Wednesday, August 09, 2006
Yuck, yuck. Puke, puke. Somebody break Katie from this disgusting hypnotic state she has been in for the last year!!! Bring back Chris Klein STASAP!!!
Rumor has it Vanity Fair is going to publish the first Suri pics. Unfortunately, no one cares.
(TomKat in their latest photo-op for the paparazzi)
Are we supposed to buy that Nicole is "bulking" up? She looks revolting here. Whose 15 minutes do we want over more: this chick or her ex-bff Paris? This one may be too close to call...
(Nicole Richie entering Guys karaoke night in Hollywood)

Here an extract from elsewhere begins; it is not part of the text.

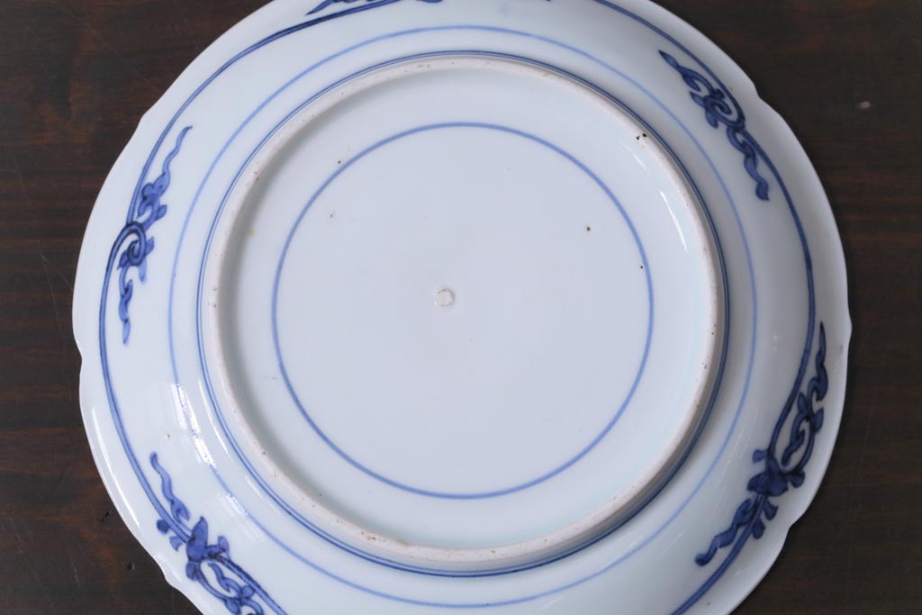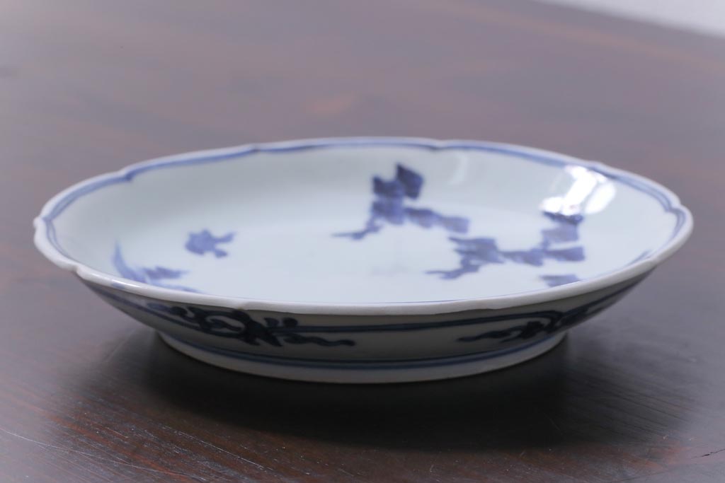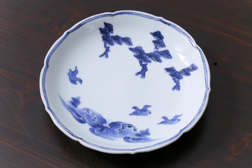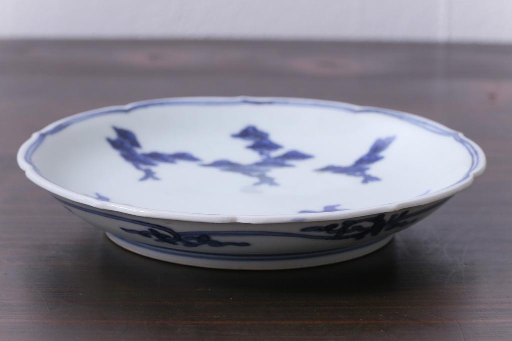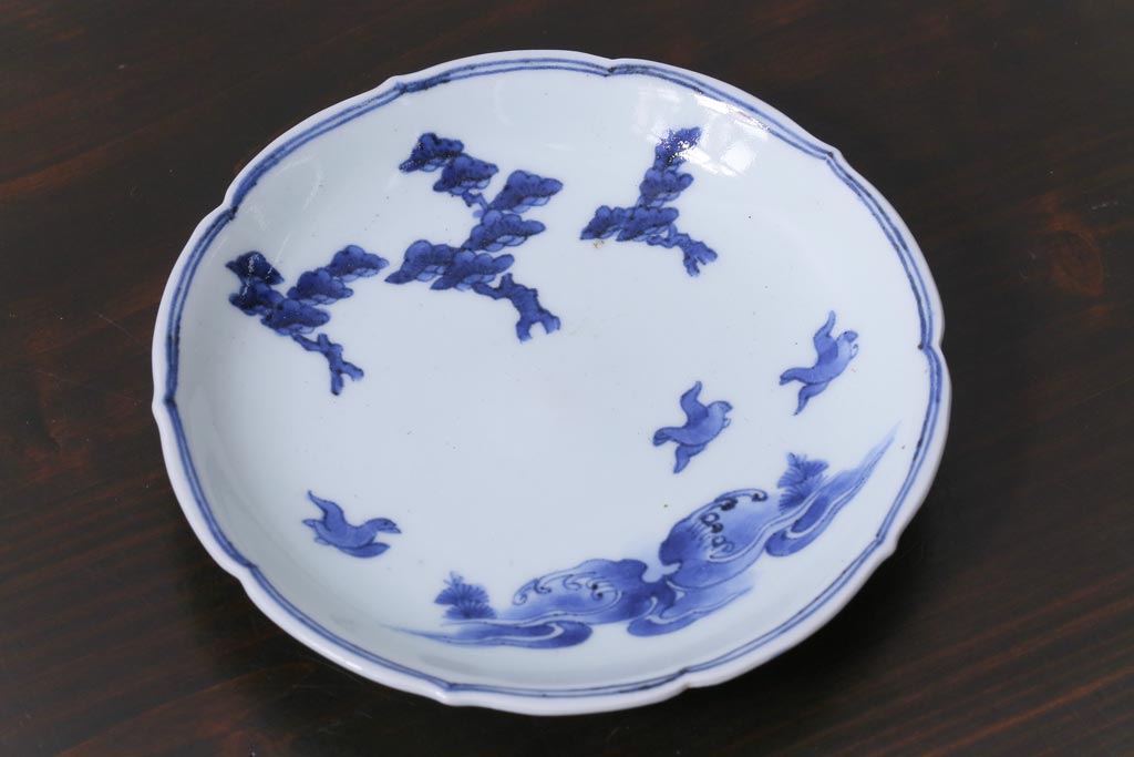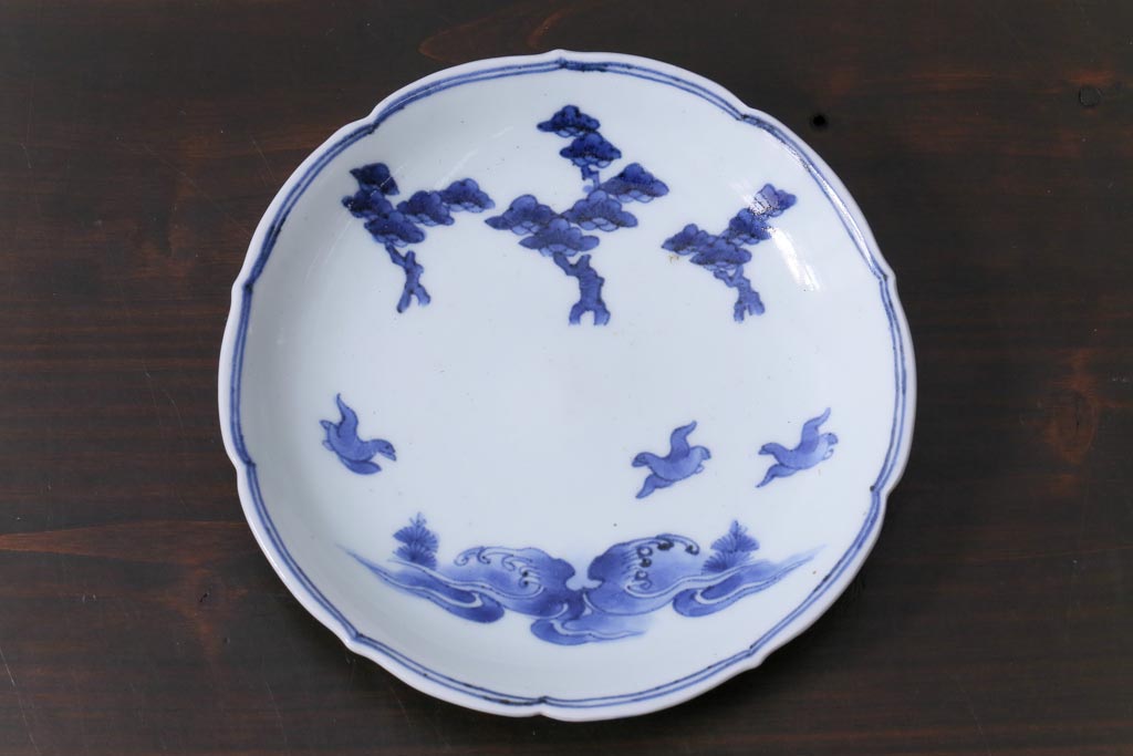 ラフジュ工房> 和食器・茶道具> 皿 > 古民具・骨董 江戸期 古伊万里 藍九谷 松と鴎 変形皿(中皿、和食器)(2)

Our fave pop culture outlet, US Weekly, has reported for the second time that Vaughniston are engaged, even going so far as to put the story on their cover for this week's issue. But Vaughniston publicists have issued a statement emphatically denying the reports. In a related story, the doctors of pop have fallen asleep from such boring "news". C'mon US! We want some more dirty Candy Spelling dish!
This is just a promo for the VMA's and we don't know what to say about this one. Mulitiple choice question: After Paris pretended to read, what happened? a) her head exploded b) she fainted due to exhaustion c) she had sex with the moon man d) she declared that she would like to entertain the troops in Iran
US magazine is claiming in its featured article that Vince Vaughn has popped the question to Jennifer Aniston in spite of reports by others that claim that they are no longer together. In lieu of wedding china or checks to their favorite charity, they have asked that guests provide them with an unlimited supply of Marlboro Reds. Brad Pitt has reacted to this possible engagement by not giving a rat's ass.
Several media outlets are declaring that former youth pastor, Joe Simpson is creepy and continues to talk about his daughters' body parts while pushing his girls towards images that are far from wholesome. Meanwhile the girls have finally had enough of his intervention and lack of boundaries. Hmmm.... Joe Simpson is creepy. How is this a revelation to anyone?
Mischa Barton's recent trip to Australia had many people scratching their heads. In a press conference she went on and on about how much she loves Australian fashion, but when asked which Australian designer she was wearing- she didn't have a clue. She also didn't know how to do long division or multiply factors higher than 3.
(Someone looks happy). People magazine reports that Jennifer Aniston was having a girls' night at the Beverly Hills restaurant Spago, where she allegedly ate some of Wolfgang Puck’s signature dishes. "They were having a marvelous time," says a source. "Jennifer was laughing all night." I believe Jennifer Aniston was laughing and having a marvelous time like I believe that monkeys will fly out of my butt.
Bryce Dallas Howard, the daughter of director Ron Howard has announced that she is pregnant with her first child. Bryce is an excellent example of someone who became famous through sheer hard work and talent alone. No one has ever hired her just because she is Ron Howard's daughter. She and Tori Spelling deserve to be commended!
Here is Justin Timberlake's album cover for his new CD that has yet to be released. In an interview to promote the CD he had this to say about Britney Spears. “I dated Britney half my life but I don’t know that person anymore. I’m not sure I knew her before. If I was writing an article about her, I would not be able to fight the urge to write every dirty thing about her.” What do you think about his new song "Sexy/back"? Hate it or love it?
The question that has been raised by several postings is what on earth does Lindsay mean by the word "entertain"? Please post your thoughts on how Lindsay will entertain the troops, and remember there are no poles to dance around over in Iraq.